Week 6. Vowpal Wabbit. Tutorial + Programming Assignment
This week we will get acquainted with the popular Vowpal Wabbit library and try it on web session data. We will get acquainted with the Scikit-learn data on the news, first in binary classification mode, then in multiclass mode. Then we will classify movie reviews from the IMDB website. Finally, let's apply Vowpal Wabbit to web session data. There is a lot of material, but Vowpal Wabbit is worth it!

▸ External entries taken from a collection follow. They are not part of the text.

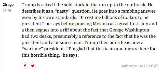 据英国《卫报》文字直播,特朗普回答时表示,自己没有股票,他还形容这是一个“让人讨厌但确实值得问的问题”。《卫报》说,特朗普然后就开启了“聊闲篇”模式,表示“当总统耗费了我数十亿美元”。他还补充说,自己现在是一位“战时”总统,“很荣幸这个团队和我站在这里面对这么可怕的事情”。
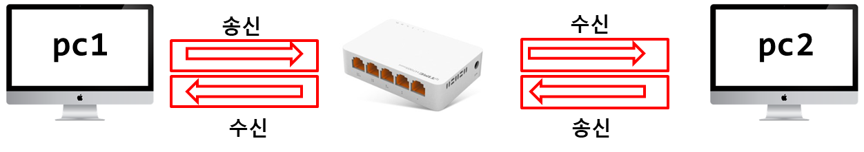 - 아래와 같이 pc1과 pc2가 동시에 송신을 한다고 하더라도 충돌의 문제가 없다.
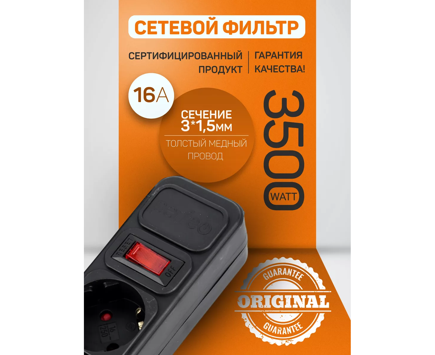 Сетевой фильтр повышенной мощности 3,5кВт и максимальным током 16А. Удлинитель надежно работает без перегревов при предельной нагрузке в 16А при 220В. Представлены различные длины проводов. Pilot имеет кнопку - выключатель, который обеспечивает полное обесточивание сетевого фильтра при необходимости. Сетевой фильтр предназначен для широкого спектра бытовой и электронной техники для дома и дачи, включая чайники , электронагреватели , холодильники , телевизоры , мультиварки , стиральные машины , ноутбук , ПК , компьютер , игровые приставки (Xbox, PS) , телефон , и т.д. (рекомендуется перед приобретением посчитать потребляемую мощность всех подключаемых устройств. Не перегружайте фильтр максимальной нагрузкой. Пилот имеет тройную защиту: встроенный варистор от резкого скачка напряжения, предохранитель от повышенного тока и защита детей в виде шторок, которые не позволят ребенку дотронутся до контактов. Фильтр выполнен с применением медного кабеля "ПВС 3х1.5 мм2" провод соответствует номинальному току до 16А при 220В). Электрическая переноска имеет корпус из литого, негорючего пластика. Электрический шнур и контакты розеток - медные. Количество розеток - 5 шт. с заземлением. Сетевой разветвитель имеет предохранитель для защиты от возникающих в электросети импульсных помех, короткого замыкания и перегрузки. Кнопка выключатель - это сброс предохранителя, который активируется в случае если есть превышения по какой-либо линии защиты (для восстановления работы в случае активации, нужно подождать остывания и нажать на красную кнопку - тройник снова готов к работе).
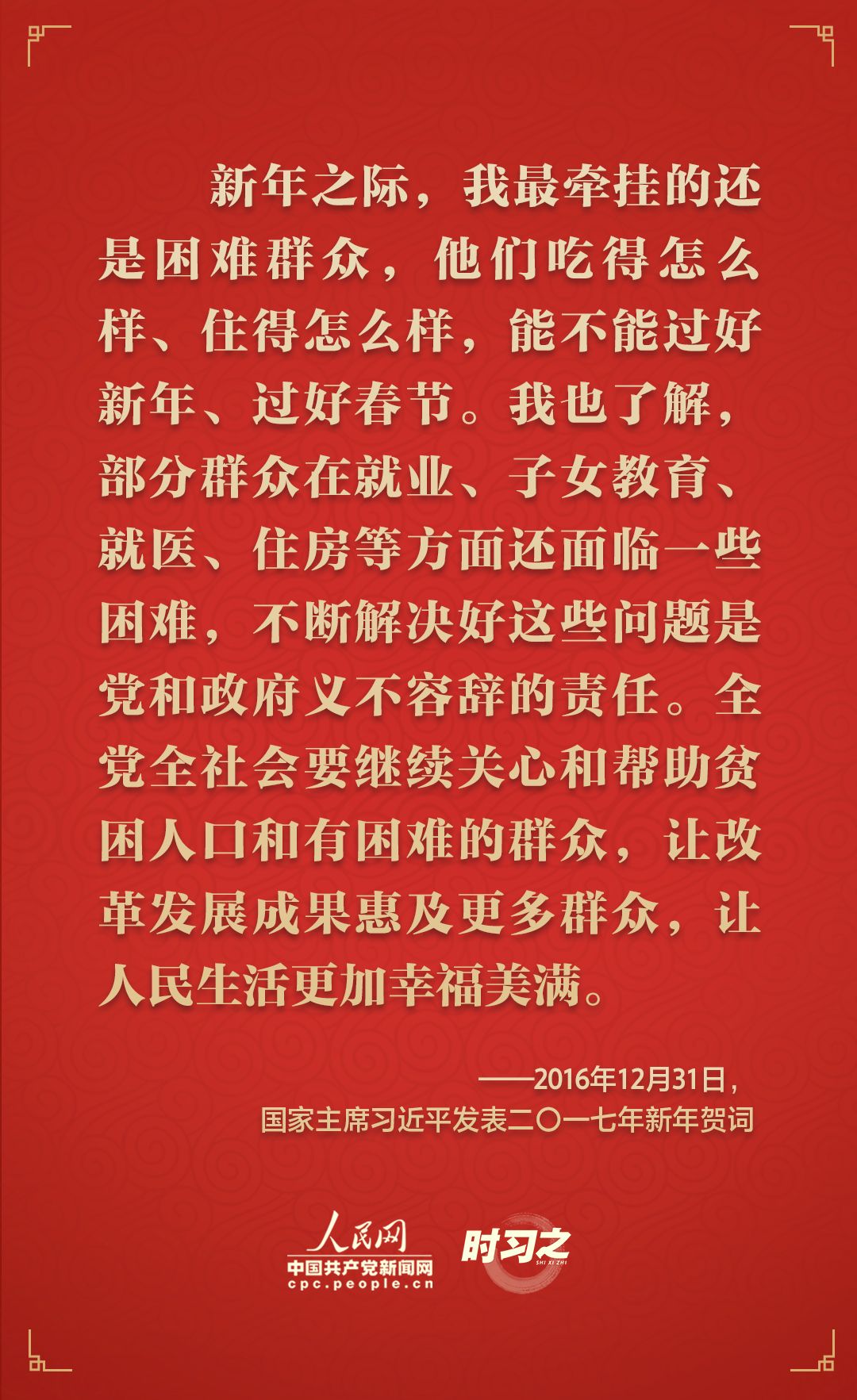 2022年12月31日晚,国家主席习近平将发表二〇二三年新年贺词。在历年的新年贺词中,习近平主席心系民生冷暖、情牵万家灯火,体现着大国领袖深厚的人民情怀。人民网·中国共产党新闻网“时习之”栏目带您一起重温习近平主席的新年贺词,感悟“人民”二字重逾千钧。
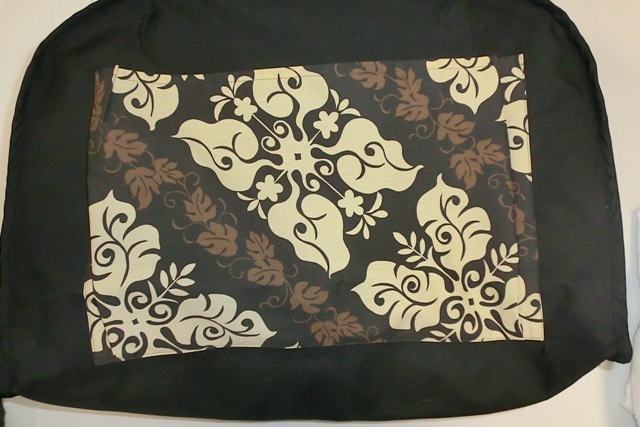 サイズは、イプ(Lサイズ)1個、ウリウリ1セット、パウスカート1着を入れられる大きさです。両サイドのポケットには、ペットボトル・汗拭きタオル・ウエットティッシュ・扇子など、すぐに取り出すことが出来ます。その他に外側には大きめのファスナー付きポケットがついています。地下鉄・電車・バスチケットや小銭など。内側には大小3つのポケットがついています。丈夫な芯を使って丁寧に作られているので、とてもしっかりしています。ハワイ旅行のセカンド用としても、大活躍 ✩✩✫
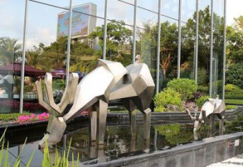 精致雕塑,幾何鏡面不銹鋼鹿,點綴精致水景小品
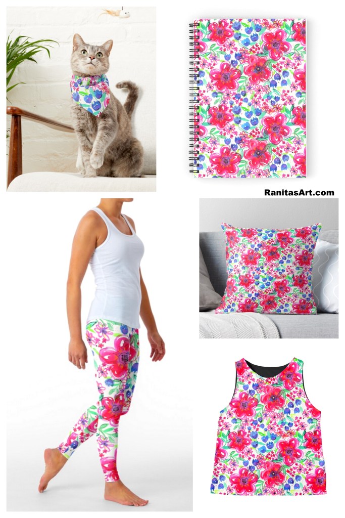 DE → Im heutigen Beitrag möchte ich euch eine Blumenkomposition zeigen, die ich mit Wasserfarben und Tusche gemalt habe. Ich habe zwei große Blumen in der Mitte und kleinere Blumen an den Seiten gemalt, um ein Gleichgewicht zwischen den verschiedenen Größen zu erreichen. Ich habe mit Hilfe von Photoshop ein Print und ein Wiederholungsmuster erstellt. Im Video könnt Ihr meinen Arbeitsprozess sehen. Ich hinterlasse euch einige Fotos mit Links, damit Ihr sehen könnt, wie die Illustration auf verschiedenen Produkten aussieht.

- Article about Vowpal Wabbit
- Applying Vowpal Wabbit to site visit data
Week 7. Design of the final project. Peer-Review
At the very end, mutual verification of the final versions of the project awaits you. It will be possible to roam around here, because there is freedom of creativity at every stage of the project: you can use all the source data for 3000 users, you can create your own interesting signs, build beautiful pictures, use your models or ensembles of models and draw conclusions. Therefore, the advice is as follows: as the tasks are completed, copy the code and description in parallel to the .ipynb file of the project or describe the results along the way in a text editor.